Facebook’s fastText word vectors are monolingual: “chat” and “кот” (French and Russian for “cat”) sit in unrelated vector spaces, with cosine similarity near zero. This repo ships 78 pre-computed alignment matrices that rotate each language’s vectors into English space via simple linear transforms. Apply a matrix, and cross-lingual nearest neighbors suddenly work.

The interesting bit

The trick is an orthogonal transformation learned from SVD on a small bilingual dictionary—just 5,000 word pairs translated via Google Translate API. Because every language aligns to English (English gets the identity matrix), the system generalizes to language pairs it never saw paired directly.

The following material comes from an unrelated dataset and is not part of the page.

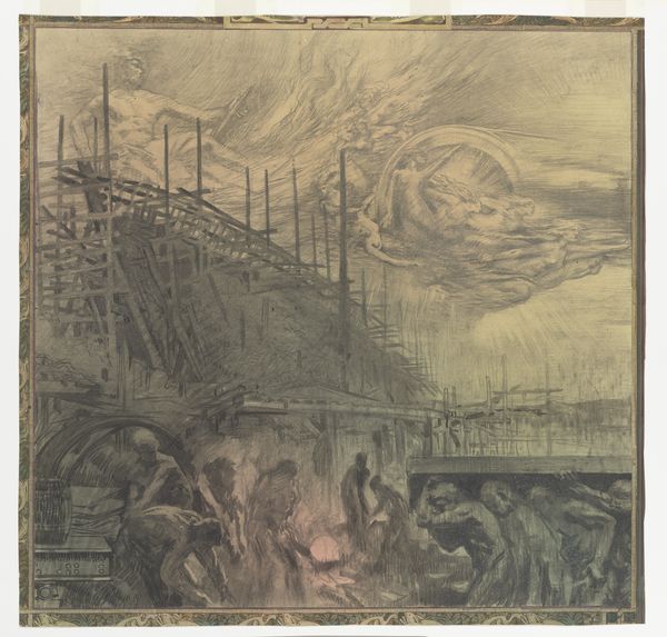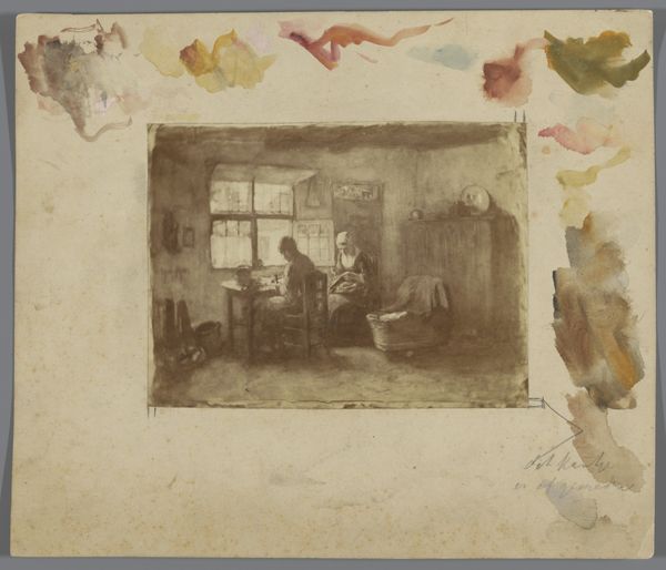 Editor: Here we have Johannes Arnoldus Boland's "Huiselijke sc\u00e8ne," which translates to "Domestic Scene," made sometime between 1848 and 1909 using drawing, print, and engraving. It strikes me as a detailed yet somewhat gloomy interior scene. What formal elements stand out to you? Curator: Immediately, the dense cross-hatching commands attention. It constructs not just form, but also value, effectively controlling the fall of light and shadow within the depicted space. Note how the artist uses the density of line to define form and spatial relationships. How would you describe the effect of this technique on the overall composition? Editor: It seems to compress the space, making it feel confined and intimate. The linear quality flattens the figures, almost like a tapestry. I’m also struck by the very narrow value range – everything exists in shades of grey. Curator: Precisely. Observe, then, the composition's structure. We might discuss this using the term *repoussoir,* to address the way darker forms at the foreground frame the lighter middle-ground and further recede into shadow and ultimately an indefinite space at the back. To what extent is there a creation of depth here? Editor: The figures at the back of the space seem undefined, maybe creating an intentional atmospheric perspective due to the limited tonal variation in that portion of the print. They lack clear outlines and feel somewhat integrated with the background. Is this solely a question of formal technique, or could it also carry thematic weight? Curator: Undoubtedly. The formal properties shape our experience, subtly evoking the domestic scene you noted at the outset, in all its layered complexity and the ambiguous character of that concept. It certainly draws our eye and invites further reflection upon line and value as potent formal properties. What further observations can you glean about our relation to that constructed space, considering how it positions and involves us, as the implied observer, within the artistic presentation? Editor: I see it now. Considering it less like a slice of observed life and more like a study in how light and dark, line and shape create form, the viewing experience evolves quite a bit! Curator: Indeed. A focused viewing predicated upon compositional and relational awareness opens entirely new and compelling vistas of art appreciation!

French-to-Russian translation works even though the training data was French-English and English-Russian.

Key highlights

  • 78 pre-computed alignment matrices for fastText’s original 89-language set
  • Monolingual similarity relationships preserved exactly—no distortion within a language
  • Precision@1 hits 0.73 for French, 0.72 for Spanish, 0.60 for Russian; drops toward 0.06 for low-resource languages like Cebuano
  • Includes align_your_own.ipynb to learn custom matrices for new language pairs
  • Based on ICLR 2017 paper: Offline bilingual word vectors, orthogonal transformations and the inverted softmax

Caveats

  • Babylon Health no longer maintains the repo; paper authors are the contact for issues
  • Google Translate API coverage limits language selection (11 of Facebook’s original languages excluded)
  • Performance degrades sharply for non-European and low-resource languages

Verdict

Worth a look if you need quick cross-lingual word similarity without training a multilingual model from scratch. Skip it if you need sentence-level embeddings or state-of-the-art performance on distant language pairs—this is word-level, 2017-era technology.